This equation is sufficient for replicating the behavior of needy mode simulations in spike-driven mode; however, the nature of floating-point number arithmetic could shift the heartbeat times-tamps slightly between both modes. We recommend using  $\Delta t$ -steps equal to a power of 2 as that is more resistant to floating-point precision errors.

The leak operation (see Equation 3) is a discretization of the differential equation for the neuron behaviour (see Equation 1). As noted before, when no spikes arrive to the neuron, there is no need to update the state of the neuron. It is possible to determine the state of the neuron if the input current (I(t)) is zero (or constant) over any period of time, which means that we can compute the new state at once instead of needlessly applying the leak rule many times. This new computation is called the big-leak operation and it is equal to:

$$V(t) = V_e + e^{\frac{-t}{\tau}} \times (V_i - V_e)$$
(6)

where *t* is the time elapsed since the state of the neuron was last computed.

All of Doryta's capabilities described until now are encapsulated under two modules: the neuron driver module and the neuron model module. The driver module can be configured through a single function that accepts one argument, a pointer to a struct. Through this struct, each PE loads the parameters for all neurons and their input spikes. The model module contains the leak, integrate and fire operations for all neuron models.

Lastly, Doryta contains two additional modules: layouts and modelloaders. The former determines how neurons are mapped into PEs and how they are connected to each other. The latter defines several hardwired models and a mechanism to load from disk.

*3.1.4 LP Mapping and Layouts.* Neurons are assigned in groups to each PE. In Doryta, a batch of neurons is reserved to a range of PEs. There can be as many batches as necessary for any simulation.
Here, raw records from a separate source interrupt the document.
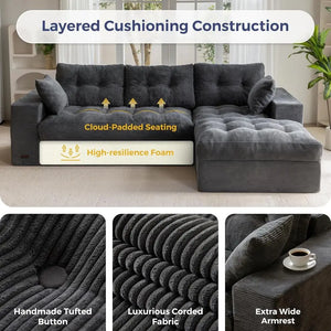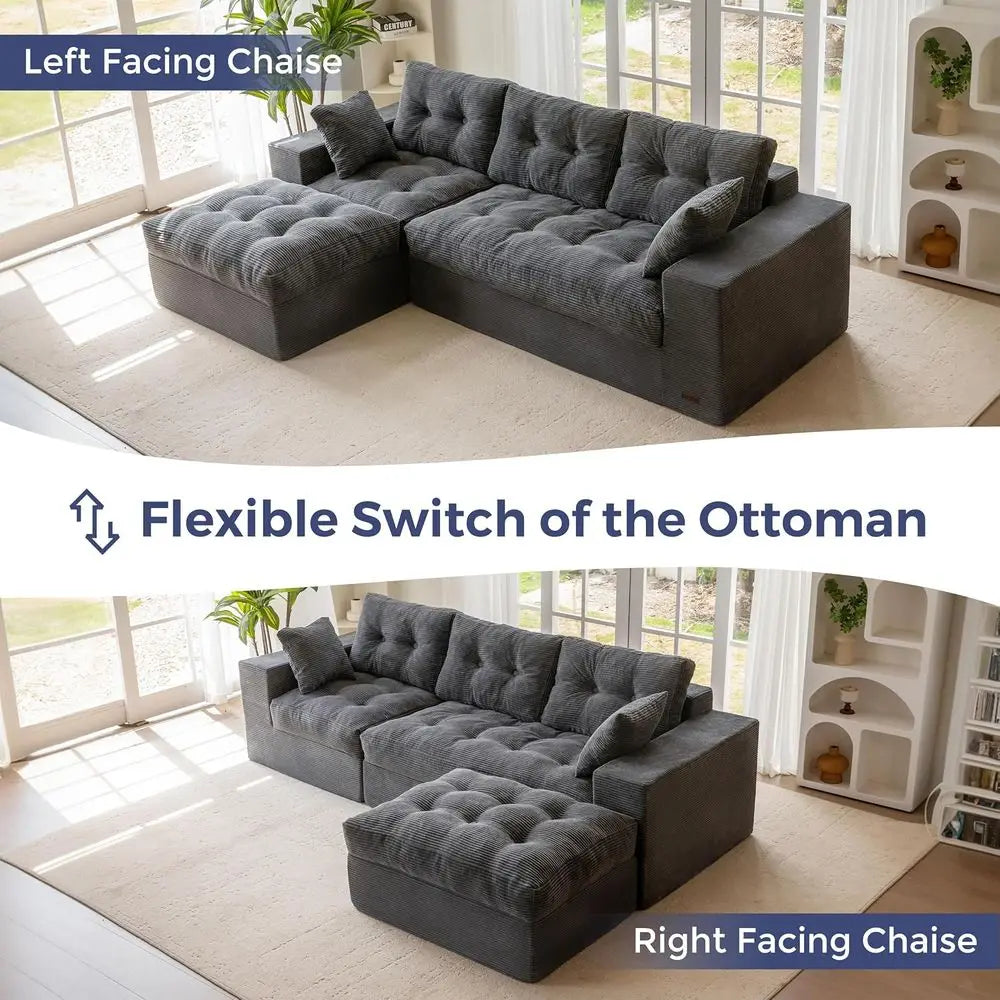 Two-Layer Cushion Comfort: Built for both structure and softness, this sectional sofa features a dual-cushion design. The base is made of dense foam for strong, stable support, while the upper layer is filled with plush shredded foam that molds to your body—delivering a cozy, cloud-like lounging experience you’ll love sinking into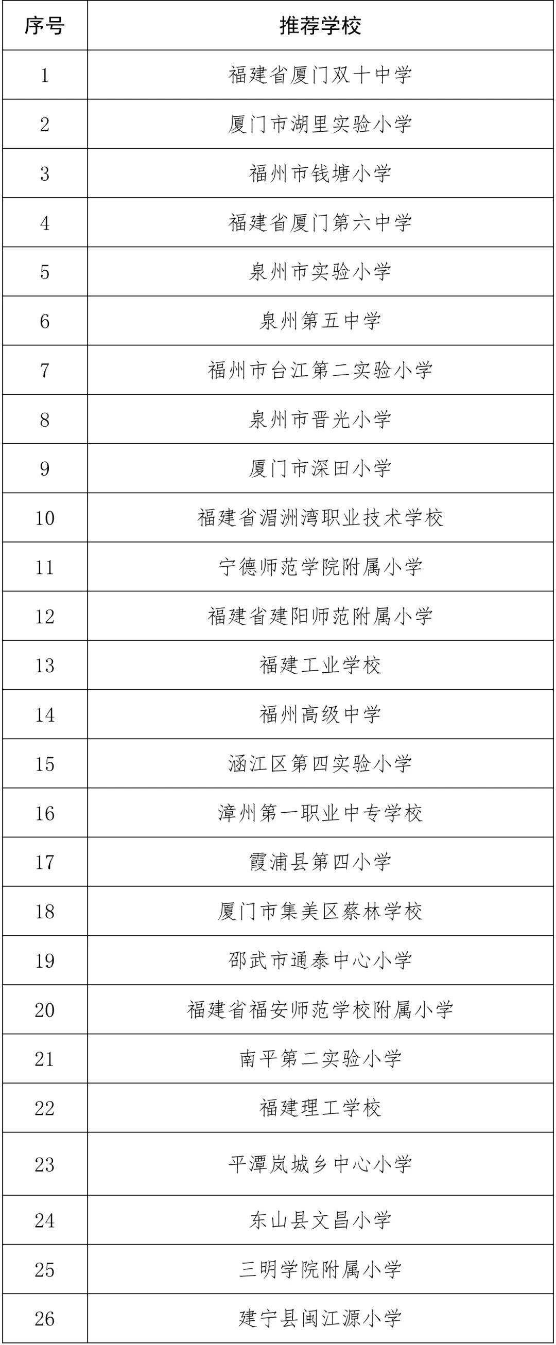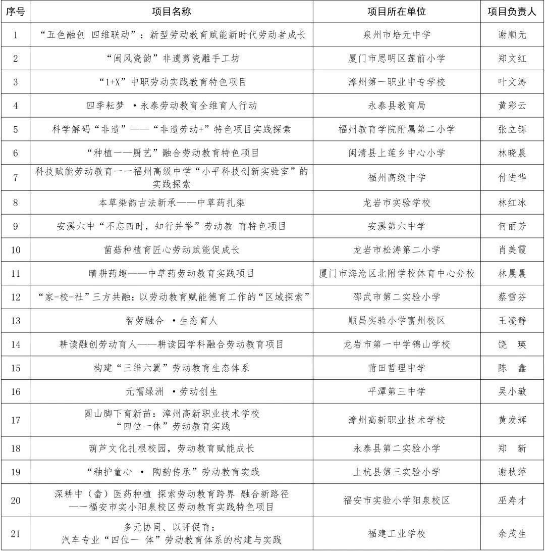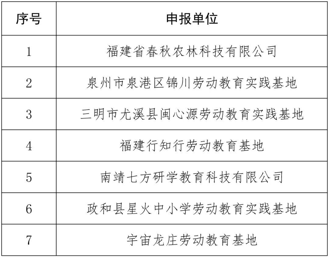 省教育厅日前印发《关于公布第六批中小学劳动教育实践基地等六项特色项目的通知》,确定福建省春秋农林科技有限公司等7个申报单位入选福建省第六批中小学劳动教育实践基地名单;泉州市培元中学《“五色融创 四维联动”:新型劳动教育赋能新时代劳动者成长》等21个项目入选福建省第七批劳动教育实践特色项目名单;福建行知行研学实践教育基地等10个申报单位入选福建省第八批中小学生研学实践教育基地名单;德化县中小学生社会实践基地等1个申报单位入选福建省第八批中小学生研学实践教育营地名单;厦门市翔安区《“翔”爱看:翔安区“五图”擘画“五共阅读”均衡育人新生态》等9个案例入选福建省区域读书案例名单;福建省厦门双十中学等26个申报单位入选福建省书香校园名单。 福建省第六批劳动教育实践基地入选名单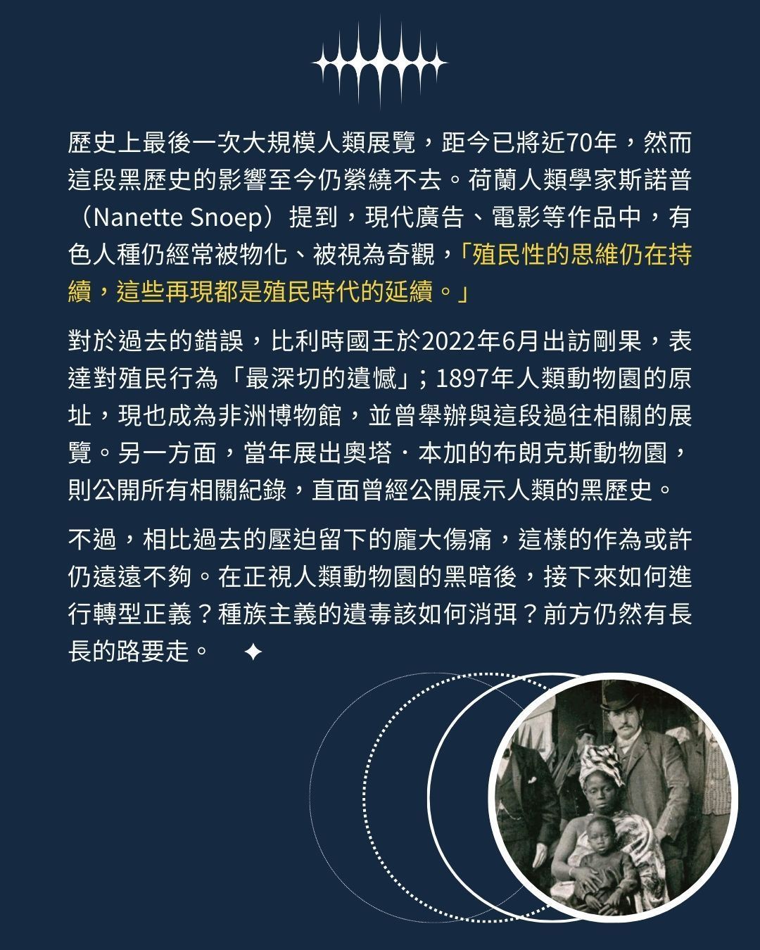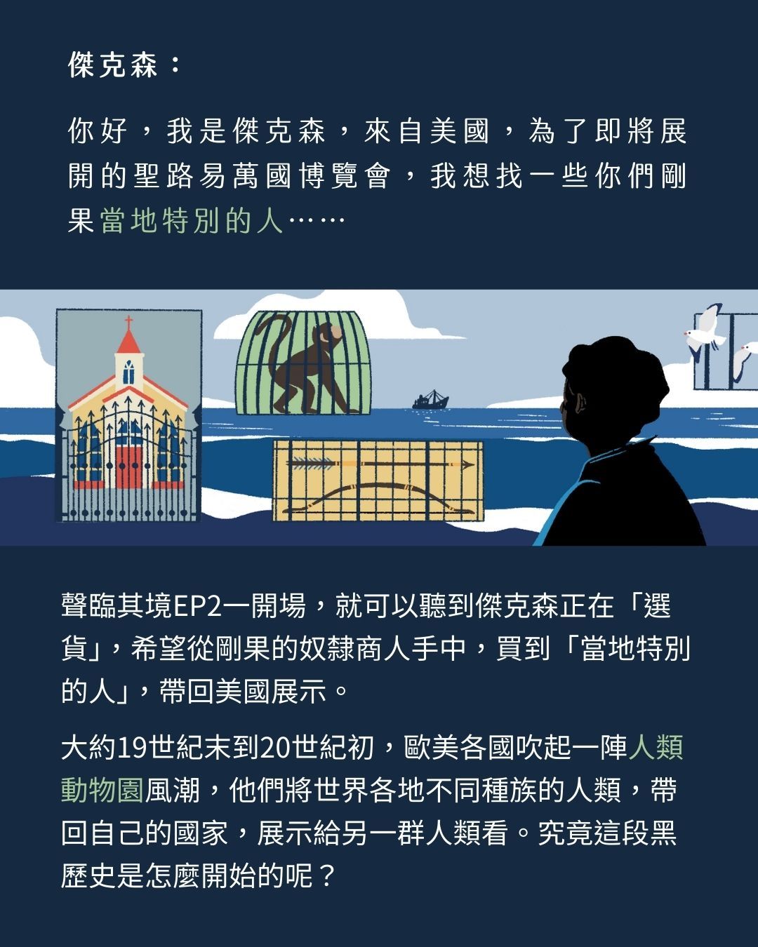 大約19世紀末到20世紀初,歐美各國吹起一陣展示人類的風潮,全球幾乎所有地區,都有人被帶到西方國家展示。EP2〈在美國,他被關進動物園〉中波比的原型人物,就是曾被帶到美國展示的剛果少年奧塔.本加。

SIGSIM-PADS '22, June 8-10, 2022, Atlanta, GA, USA



Figure 5: Mapping configurations. Top: A single fully connected network with 28 neurons. Bottom: 3-layer SNN with dimensions [5 10 16 2] (input 5, output 2).

Figure 5 shows two different mappings using the same number of neurons.

On top of the neuron mapping, we have the connections between neurons, the synapses. There are two kinds of connections defined in Doryta currently: 'all-to-all' connections and 2D convolutional connections. An all-to-all connection is defined from a range of output neurons to a range of receiving neurons. The total number of synapses in a all-to-all connection is equal to the number of output neurons times the number of receiving neurons. One possible SNN that can be built out of these components is a simple fully connected layer (see an example in Section 4.2). A 2D convolutional connection is also defined between a range of output neurons and receiving neurons, but it also requires the input image width, the parameters of the kernel (width and height), and the padding and striding of the kernel, both horizontally and vertically. The total number of synapses for the convolutional connection is at most  $K_w \times K_h \times N_r$ where  $N_r$  is the total number of receiving neurons, and  $K_w$  and  $K_h$  are the width and height of the kernel. Note that the number of connections/synapses for a convolutional connection are much smaller than for an all-to-all connection.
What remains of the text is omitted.